I did a bit of digging into how this all works, and the problem might be that the global multiprocessing option is propagated when creating the RunnerClient shared between worker threads, meaning that by default the LazyLoader created underneath will not be thread-safe, despite being used in a threaded environment. Perhaps multiprocessing should be forced to false in the reactor's options?

Edit: By this I mean in the ReactWrap class, which is specifically using threads.

Changing this line to the following appears to alleviate my issues:

self.opts = opts.copy()
self.opts['multiprocessing'] = False

@anitakrueger
Copy link
Contributor

@calc84maniac This sounds like the issue here. In my case, I am trying to create 2 cloud servers in quick succession, where both salt/cloud/*/created events kick off orchestrations via the reactor. I have tried to set 'multiprocessing' to False like you suggested, but my reactor still dies.

Our case relies heavily on the reactor for after cloud-instance creation processing which now fails because of the reactor throwing the error above. We also have other reactor events that are now not being processed :( the only thing that fixes the situation is a salt-master restart.

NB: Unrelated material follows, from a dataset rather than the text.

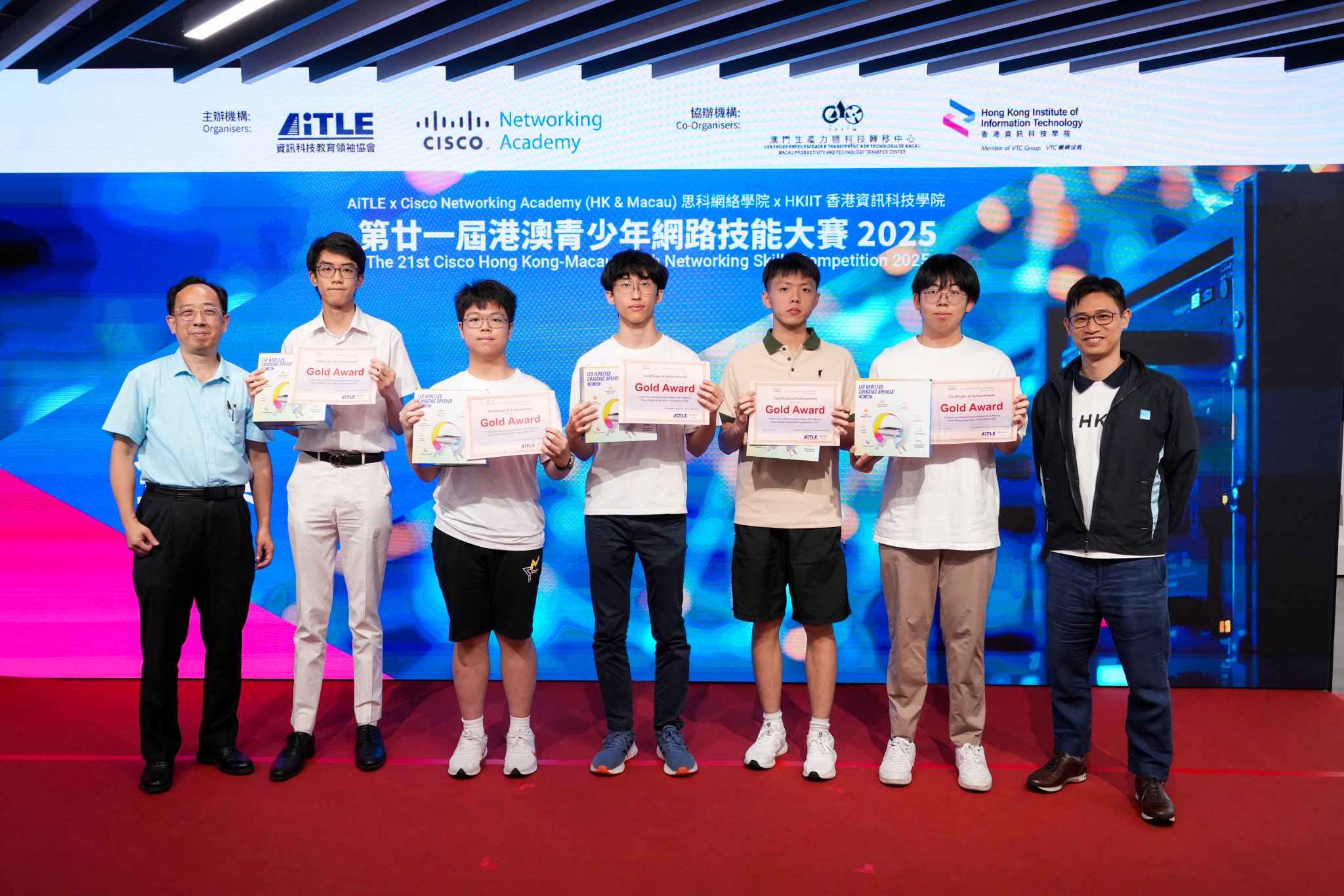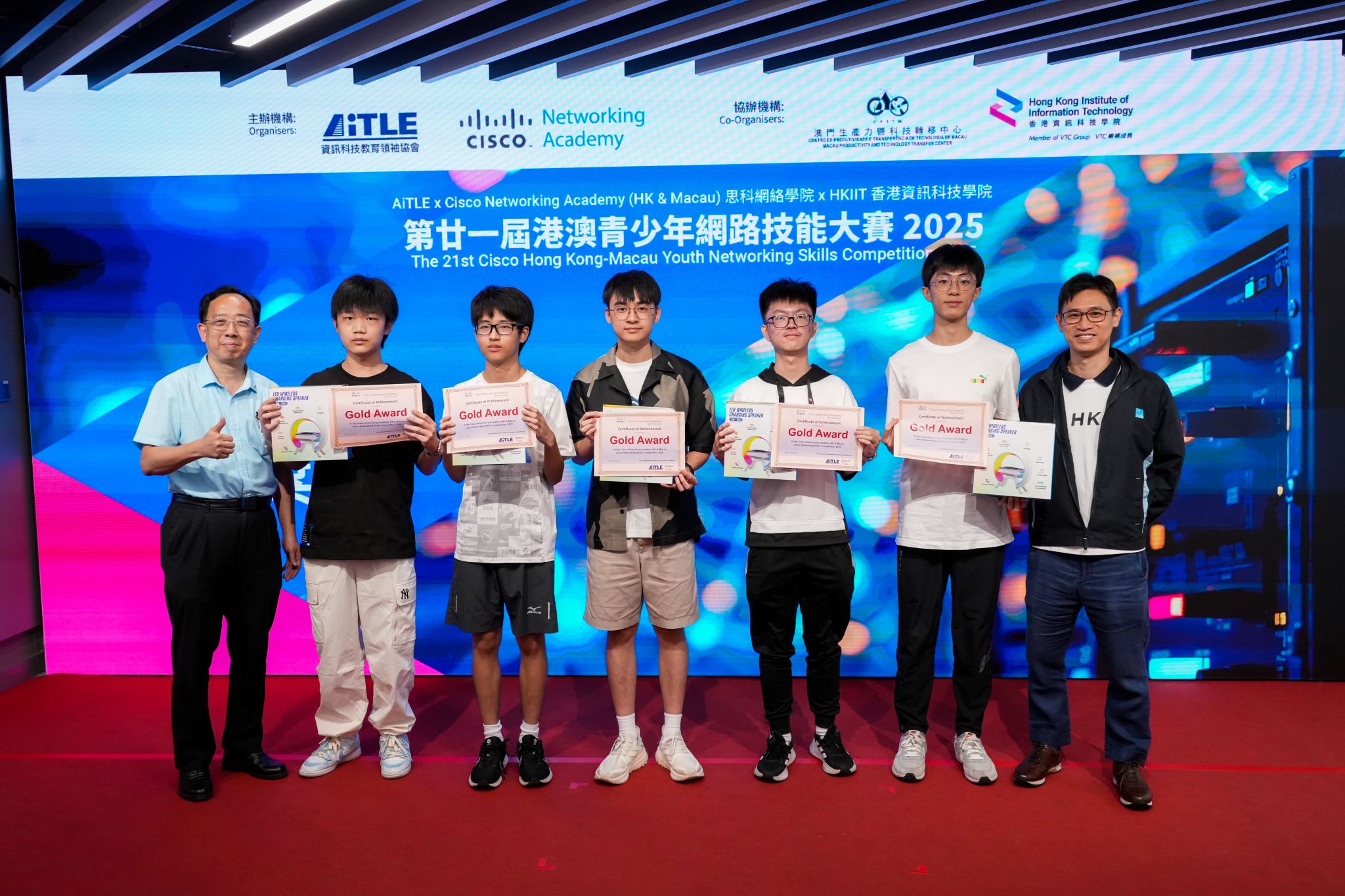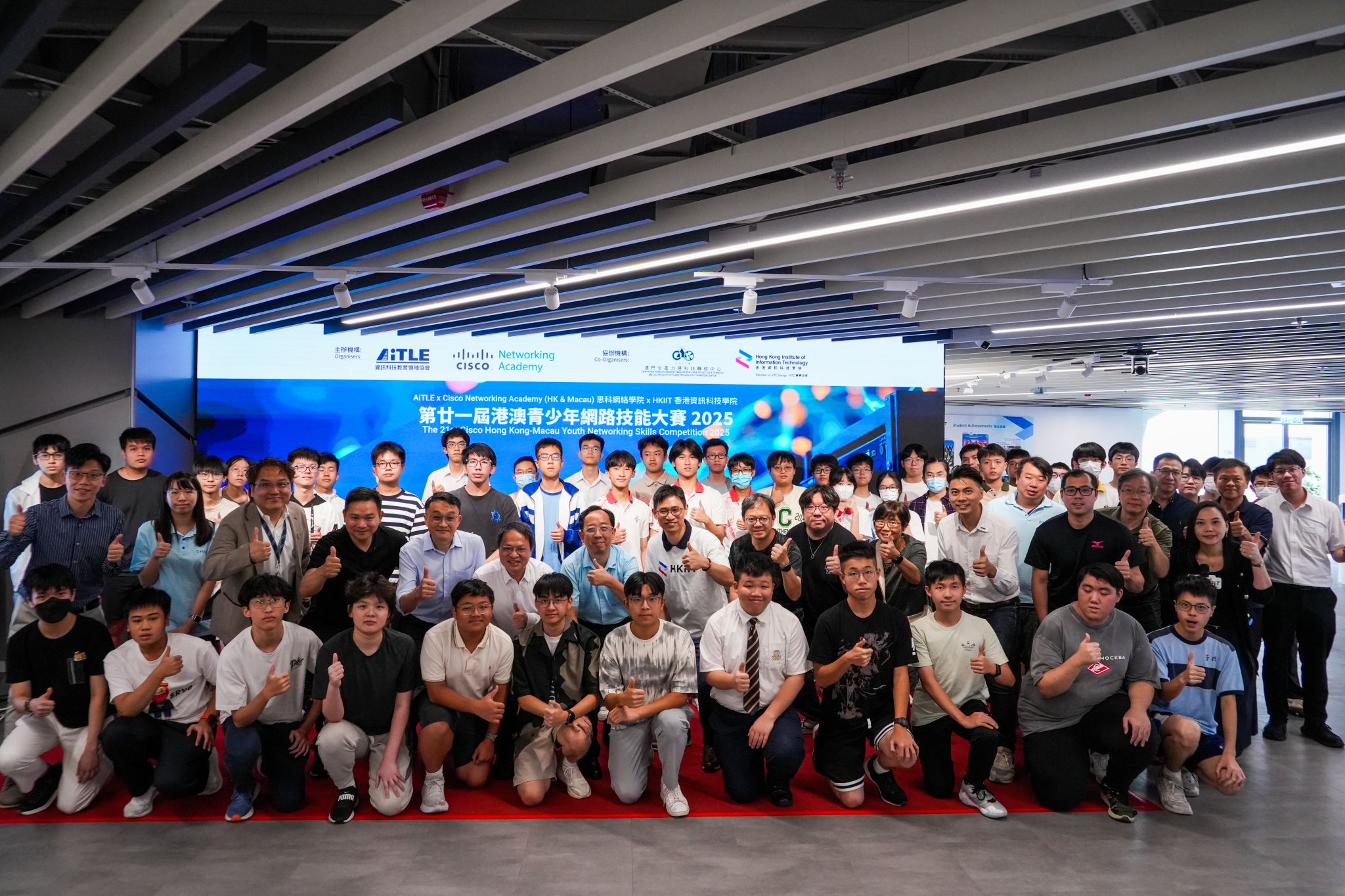 此外,HKIIT 與 AiTLE 聯同 Cisco Networking Academy 及澳門生產力暨科技轉移中心,同日成功舉辦了 「第廿一屆港澳青少年網路技能大賽 2025」。活動於 HKIIT 數碼創新科技中心舉行,超過 60 位來自香港及澳門的中學生展示了他們在網絡技能方面的才華與熱誠。

Where would I set reactor_worker_threads: 1? In the master config? Also what happens in that case when multiple events arrive at the same time?

@hupebln
Copy link

hupebln commented May 31, 2018

I am in the same boat and have disabled the multiprocessing for now. But cannot really say if it comes back again.
@calc84maniac have you changed it in the code itself? Why not just set in the config? Wasn't it working this way?
But that issue is a really blocker for me at the moment as almost all of my processes are using reactors in some way.

@calc84maniac
Copy link

Sorry, it does look like that didn't fully fix the problem after all, after further testing. But I feel like it's still some kind of race condition with the loader, regardless.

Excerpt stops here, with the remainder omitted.